Over the course of the demonstration, the team ran through a long list of potential applications for Douglas, from doctor’s offices and customer service, to his usefulness in Hollywood during the early stages of planning out a scene or a particular on-screen sequence. Douglas himself even offered a few suggestions, suggesting he’d be a good fit for storyboarding and conceptual stages of movie and TV production. His ability to process both audio and visual cues from those he’s conversing with — particularly when it comes to emotional states — also offers an added layer of usefulness when dealing with customers or those looking for medical guidance, according to Hendler.
The speed with which Douglas can process all of that information and shift from passive listener to active conversationalist also holds plenty of appeal, and shows how far the technology behind him has evolved in a short time.
“When we created Thanos, we had a single frame of that taking 10 hours to render. That’s one frame,” he explains.
“For Douglas, he has a vision recognition system, so he sees us and can identify us, and he’s analyzing what you’re saying, turning it into words, and sending that to different chatbots,” he adds. “Douglas then creates a response, turns it into audio, and uses that audio to drive his face. At the same time, he’s also figuring out what body motion goes along with that speech, determining what emotion would fit it, and rendering that body motion together with his facial gestures.”
“That all happens in a few milliseconds,” says Hendler. “It’s all of those processes, compared to 10 hours for one frame in a feature film. It’s so amazing. It’s not as realistic as what we’re doing for film, but if you think about the amount of things going on to be able to talk to him like a real person, it’s just phenomenal.”
And in a very literal sense, Douglas has often been his own best advocate when it comes to his potential.

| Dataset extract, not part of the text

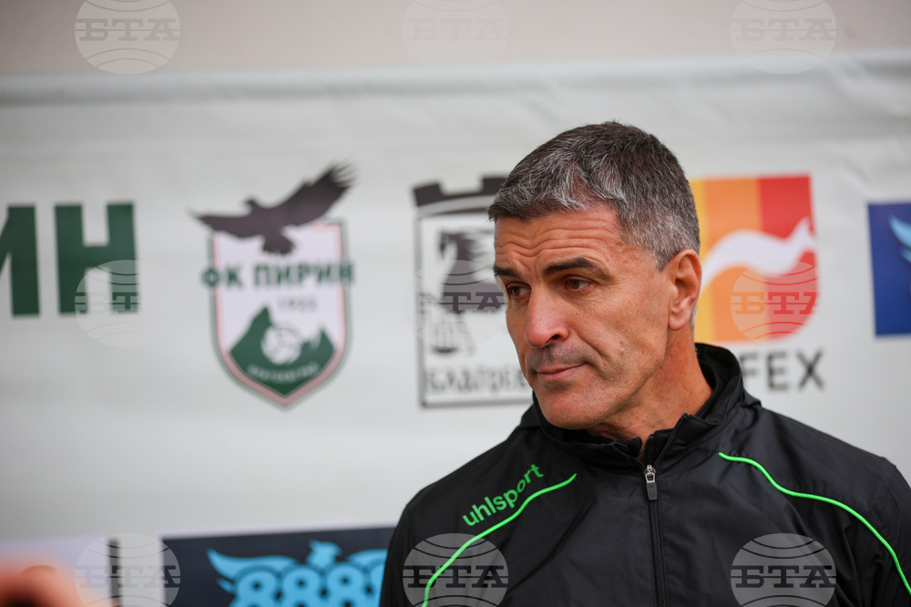 Благоевград (8 януари 2024) Отборът на Пирин (Благоевград) стартира подготовка за подновяването на шампионата в Първа лига на стадион "Христо Ботев" в областния град. Футболистите правят първа тренировка, а по традиция на терена се отслужва водосвет за здраве. На снимката: старши треньорът на „Пирин“ Благоевград Иво Тренчев.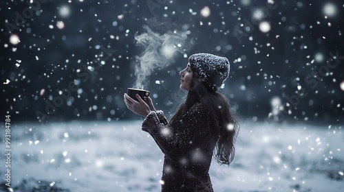 A woman in snowy weather, holding a coffee mug and gazing up at the falling snowflakes

Roble explained that, on several occasions, they opted to let Douglas lead his own presentation of, well … himself. The result ended up being a better pitch for his potential than even they anticipated.
“[Douglas’ presentation] was surprisingly compelling. It wasn’t just asking Siri to tell us something, because he was part of the process,” recalled Roble. “He’s fun to talk to because he’s a novelty, but he’s also really effective. And you can’t help thinking: What about teaching or other applications? After all, you can see when he’s paying attention. You can give him emotional feedback and he can respond.”
Although Douglas is already an impressive creation, the Digital Domain team insists he remains a work in progress — but the sky’s the limit as far as what sort of work their digital human could end up doing as time goes on. In many ways, the process of figuring out what Douglas is capable of is both the process and the goal.
“One of the reasons we’re doing this is because we could,” says Roble. “When you’re at a computer and working, it’s very easy to just type away. But there are so many times and places it would be lovely to just be able to talk to a person and have that person interact with you and react to you. I think we’re in for a big change in the future.”